Dry skin is one of the most common indicators that you’re beginning your transition into menopause. And not just dry — it can also be rough, flaky, and feel parched on your face and body.
What causes dry skin during perimenopause and menopause?When our estrogen declines, it can have effects on our skin. We experience a loss in collagen and oils, making our skin become dry and itchy (not to mention making our hair drier and nails more brittle). This decrease in moisture may begin with perimenopause, the years before our periods stop and we enter menopause.
When we’re young, our skin is soft and bouncy. As we get older our skin gets thinner and more fragile, like tissue paper. The lines on our skin become more pronounced. Our cells don’t turn over as rapidly on our faces and our bodies as they used to.
What are some other skin changes that happen during menopause and perimenopause?
As we age and our skin loses collagen, we may notice the following changes:
- Dry skin on nipples and around eyes
- Fine lines around the face and mouth
- Loss of skin elasticity
- Flat brown spots on the face and hands
- Random dark hairs on your skin, upper lip, and neck
- Adult acne
If you were a sun worshiper in your youth, you’re going to start seeing it in your skin. Exposure to the sun breaks down collagen and elastin, causing your skin to lose its elasticity. Sun damage can cause your skin to feel rougher and look more creased and lined. You may start seeing tan or brown spots on your face and parts of the body that were exposed to the sun over time.
What can I do to address skin dryness and changes during menopause and perimenopause?
There’s no such thing as “anti-aging,” we cannot turn back the clock on our skin. That said, there are things we can do to relieve dryness, itchiness, and sensitivity.
Stay out of the sun.
Even on cloudy days. But don’t stay inside and hide from the outside world. Choose sunscreens that protect against UVA and UVB rays in order to protect your skin and prevent skin cancers. Products that contain zinc or titanium oxide create a physical barrier against the sun’s rays. Hats, clothing with SPF, and bathing suits with sleeves and a high neck will help you enjoy summertime and keep your skin in better condition.
Quit smoking cigarettes.
Nicotine and other chemicals in tobacco products can keep nutrients and oxygen from reaching your skin due to decreased blood flow to the skin. In addition to causing damage to your heart and lungs, it can create deep lines around the face, mouth, and eyes due to the repeated facial gestures you make when you puff and exhale. Your skin may even take on a yellowish cast, making it appear drawn and sallow. Smoking has been linked to skin cancer and increased risk of deadly melanoma.

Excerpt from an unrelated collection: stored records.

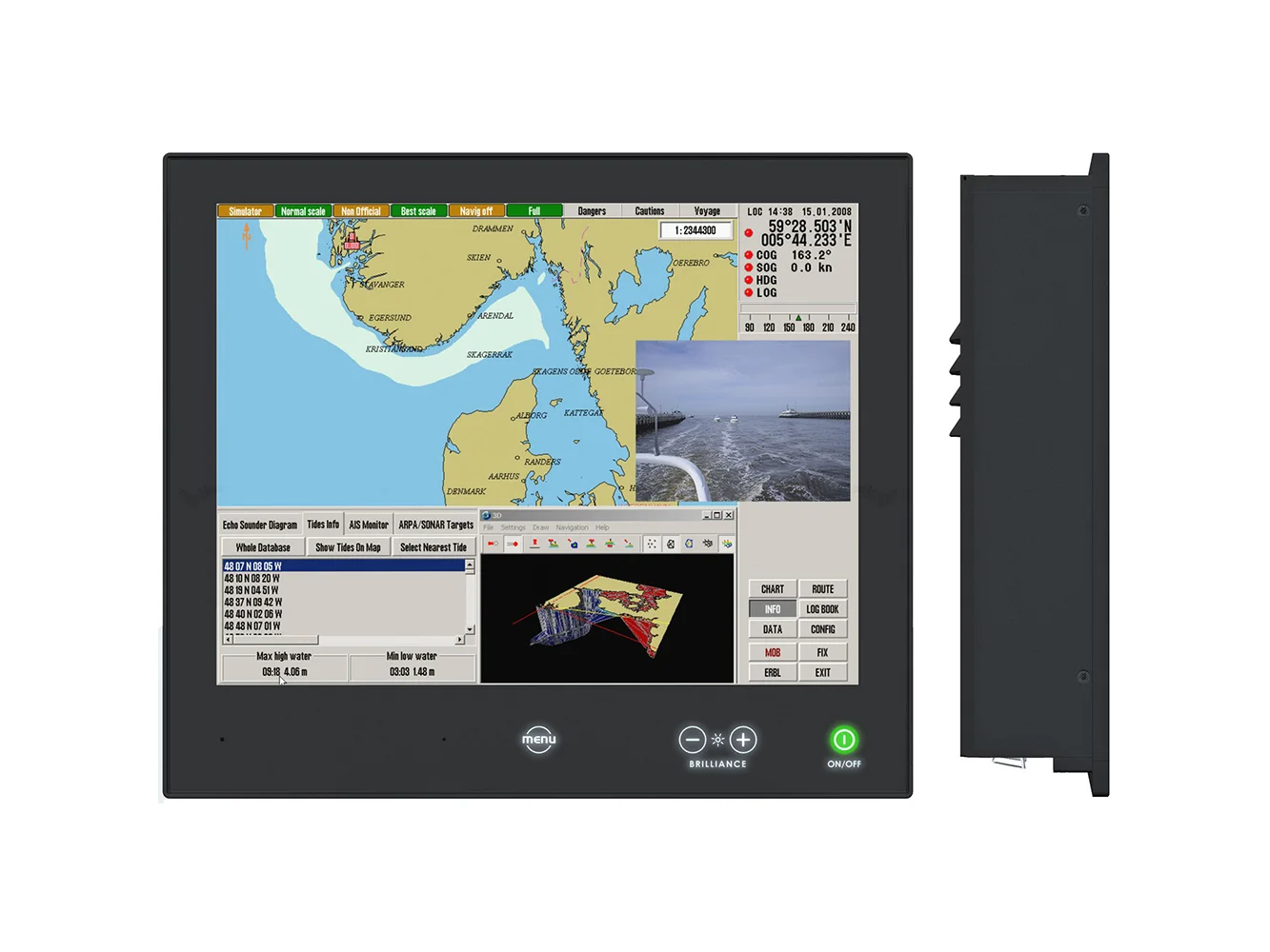 The multi-input MMD models provide a wide choice of display size and format for a multitude of shipboard applications, where combining data and video inputs to a single unit provides maximum flexibility. Be it for ship navigation, automation or security, this range with all it’s possible options provides a robust and multipurpose platform from which to display and manage data and multiple camera or sensor videos.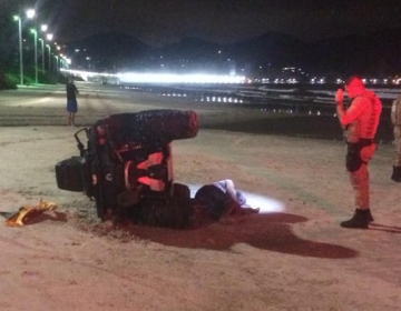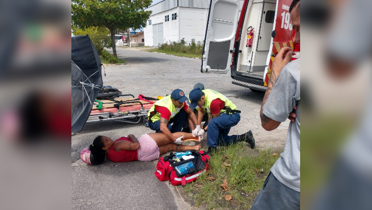 A vítima foi socorrida por uma equipe do Corpo de Bombeiros e conduzida ao Hospital São José com suspeita de fraturas na perna direita.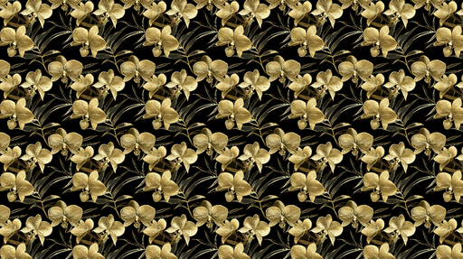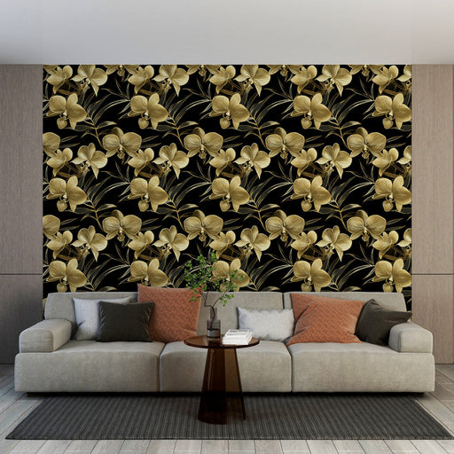 WonderMuralOplev vores fascinerende Fototapet med et mønster af gyldne orkideer, der blomstrer mod en dyb sort baggrund. Hver blomst er omhyggeligt tegnet for...

It’s never too late to quit. Even if you're a longtime smoker, your skin will look better and have less wrinkles than your friend who never kicked the habit.
Face, shoulders, knees, and toes — you don’t need to spend hundreds of dollars on skin creams with exotic-sounding ingredients to soothe dry and itchy skin. When selecting products, consider creams, which can be richer and more moisturizing than lotions. Try applying moisturizer to your face and body after a (warm, not boiling hot) shower.
A moisturizer that contains ingredients like Ectoine, Squalane, and glycerin provides hydration and seals the moisture in. Products with ceramides may stimulate cell growth. Products containing retinol are helpful, though retinol makes some skin more sensitive to sunlight.
Select better face and body soaps.
Look for ones that moisturize and don’t contain grit or rough exfoliating bits. If your skin is sensitive, choose a gentler soap. And be gentle when you dry your face too — don’t rub hard with your towel or facecloth.
There are plenty of products that target creases around your mouth and eyes, and that’s fine. But joyous or hilarious moments in life reduce stress, which is way worse on your health than a few lines.
When should I talk to my doctor about my dry skin during menopause and perimenopause?The cause of your dry skin may not be from menopause. If the changes to your skin are noticeable, it might be an indication of a problem with your thyroid, or be linked to diabetes or kidney disease.
Your dermatologist may recommend products with retinoids or write your a prescription for vitamin A–based tretinoin or Retin-A, to increase cell turnover. Tretinoin is also used to soften skin and help fade skin spots.
If you see raised moles or spots that look suspicious, it’s especially important to see your dermatologist right away. A yearly appointment for a skin check is always recommended. Your derm may spot things on your body that you don’t, such as on your back, neck, and thighs.
No need for dismay. For all the itchy or oily/dry days there will be plenty where you look, and feel, just fine. Add in a few healthy lifestyle changes, get some advice from your dermatologist, and you’ll start to see a more familiar face in the mirror.